*RECORDED INFORMATION*
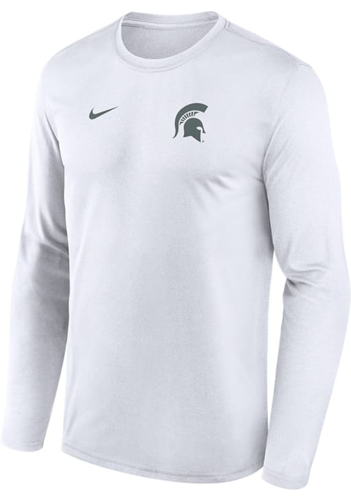 Product Details Product Details Crew NecklineStreamlined athletic fitSelf-fabric neckbandRib crew neck with interior tapingFit: True to Size100% POLYESTERMachine wash coldImported Officially Licensed Make a bold statement in this Michigan State Spartans White Sideline Legend Long Sleeve T-Shirt! This MSU Long Sleeve Tee features a screenprinted small team logo on left chest. Go Spartans!
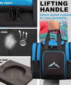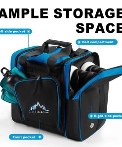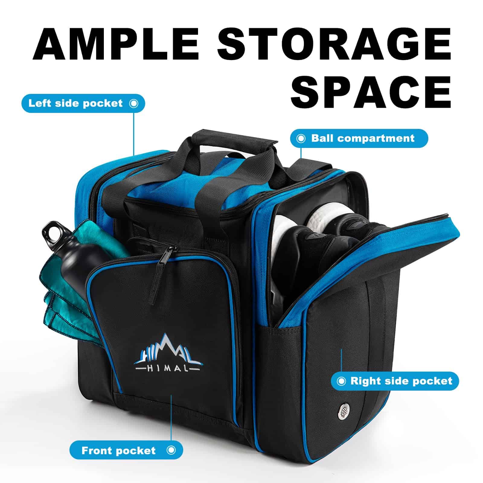 1. Suficiente EspacioEl bolso de bolos Himal tiene suficiente espacio para almacenar todos tus accesorios y equipos de bolos: puede contener 1 bola de bolos, dos bolsillos laterales (con ventilación) para un par de zapatos de bolos (hasta la talla 14 de hombres), toalla, etc. El compartimento delantero puede almacenar fácilmente carteras, llaves y teléfonos móviles.
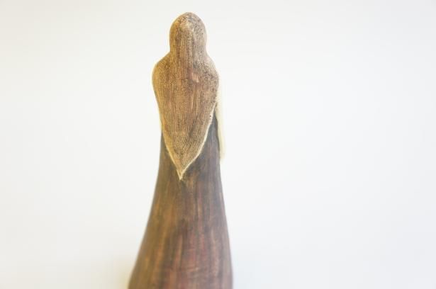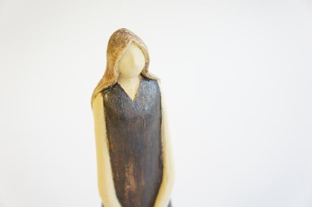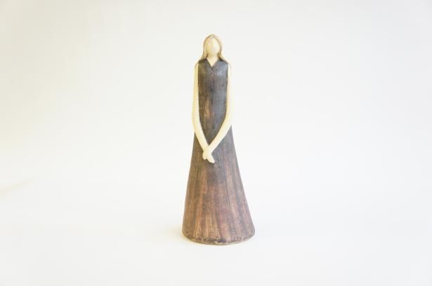 涼しげな黒いドレスを着た女性像。ドレスからスラリと伸びた長い腕が印象的に、亜麻色の長い髪とドレスの裾が今にも風になびきだしそうです。<幅6.5cm×高さ18.5cm×厚さ6.5cm>
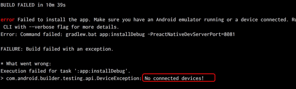 这报错信息很清楚,React-Native cli不知道应该将打好包的应用安装在什么地方。解决方法也很容易,要么启动一个Android模拟器,要么用USB连接真机。
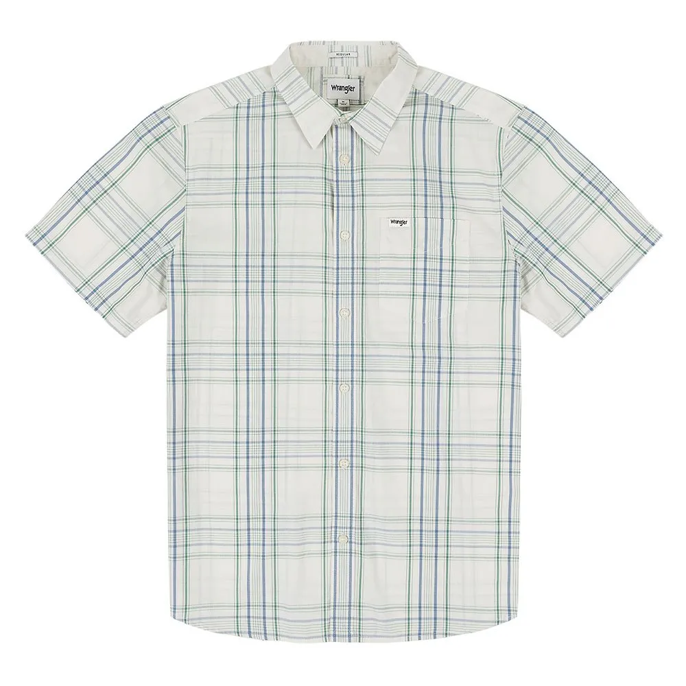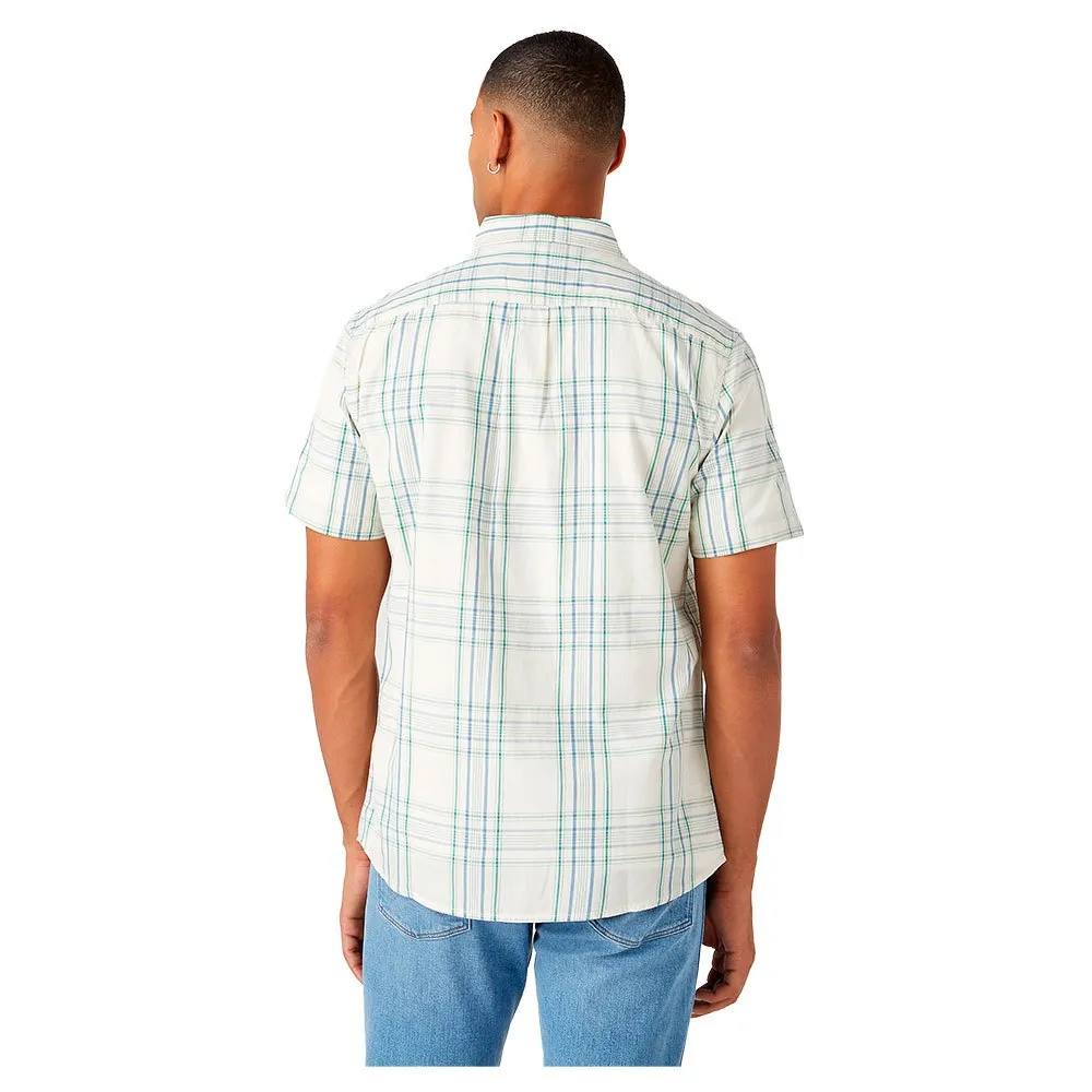 Keep it simple with the classic profile of this short-sleeve one-pocket shirt in a blue and white check, featuring a pointed collar and contrasting buttons.
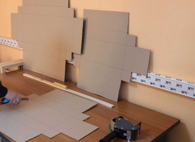 Из картона формата А3 необходимо выкроить площадку и приклеить ее ближе к нижней части. На ней делаются прорези, как и сверху. Чтобы она держалась, нужно подклеить снизу небольшие отрезки из картона, а затем на нее приклеить саму площадку.
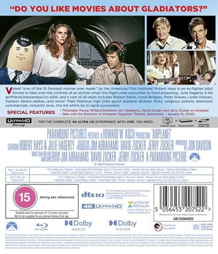 Voted “one of the 10 funniest movies ever made” by the American Film Institute! Robert Hays is an ex-fighter pilot forced to take over the controls of an airliner when the flight crew succumbs to food poisoning, Julie Hagerty is his girlfriend/stewardess/co-pilot, and a cast of all-stars includes Robert Stack, Lloyd Bridges, Peter Graves, Leslie Nielsen, Kareem Abdul-Jabbar.and more! Their hilarious high jinks spoof airplane disaster flicks, religious zealots, television commercials, romantic love.the list whirls by in rapid succession.
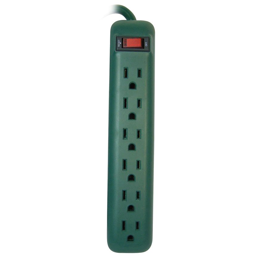 This compact 6-outlet power strip is ideal for use with holiday lighting and decorations. It has an on/off switch with a built-in circuit breaker to protect against overloads and an 18 inch power cord.Specifications

*EXERCISE*
Word for word, set down every record, keeping the images out.

*YOUR SOLUTION*
 Product Details Product Details Crew NecklineStreamlined athletic fitSelf-fabric neckbandRib crew neck with interior tapingFit: True to Size100% POLYESTERMachine wash coldImported Officially Licensed Make a bold statement in this Michigan State Spartans White Sideline Legend Long Sleeve T-Shirt! This MSU Long Sleeve Tee features a screenprinted small team logo on left chest. Go Spartans!
 1. Suficiente EspacioEl bolso de bolos Himal tiene suficiente espacio para almacenar todos tus accesorios y equipos de bolos: puede contener 1 bola de bolos, dos bolsillos laterales (con ventilación) para un par de zapatos de bolos (hasta la talla 14 de hombres), toalla, etc. El compartimento delantero puede almacenar fácilmente carteras, llaves y teléfonos móviles.
 涼しげな黒いドレスを着た女性像。ドレスからスラリと伸びた長い腕が印象的に、亜麻色の長い髪とドレスの裾が今にも風になびきだしそうです。<幅6.5cm×高さ18.5cm×厚さ6.5cm>
 这报错信息很清楚,React-Native cli不知道应该将打好包的应用安装在什么地方。解决方法也很容易,要么启动一个Android模拟器,要么用USB连接真机。
 Keep it simple with the classic profile of this short-sleeve one-pocket shirt in a blue and white check, featuring a pointed collar and contrasting buttons.
 Из картона формата А3 необходимо выкроить площадку и приклеить ее ближе к нижней части. На ней делаются прорези, как и сверху. Чтобы она держалась, нужно подклеить снизу небольшие отрезки из картона, а затем на нее приклеить саму площадку.
 Voted “one of the 10 funniest movies ever made” by the American Film Institute! Robert Hays is an ex-fighter pilot forced to take over the controls of an airliner when the flight crew succumbs to food poisoning, Julie Hagerty is his girlfriend/stewardess/co-pilot, and a cast of all-stars includes Robert Stack, Lloyd Bridges, Peter Graves, Leslie Nielsen, Kareem Abdul-Jabbar.and more! Their hilarious high jinks spoof airplane disaster flicks, religious zealots, television commercials, romantic love.the list whirls by in rapid succession.
 This compact 6-outlet power strip is ideal for use with holiday lighting and decorations. It has an on/off switch with a built-in circuit breaker to protect against overloads and an 18 inch power cord.Specifications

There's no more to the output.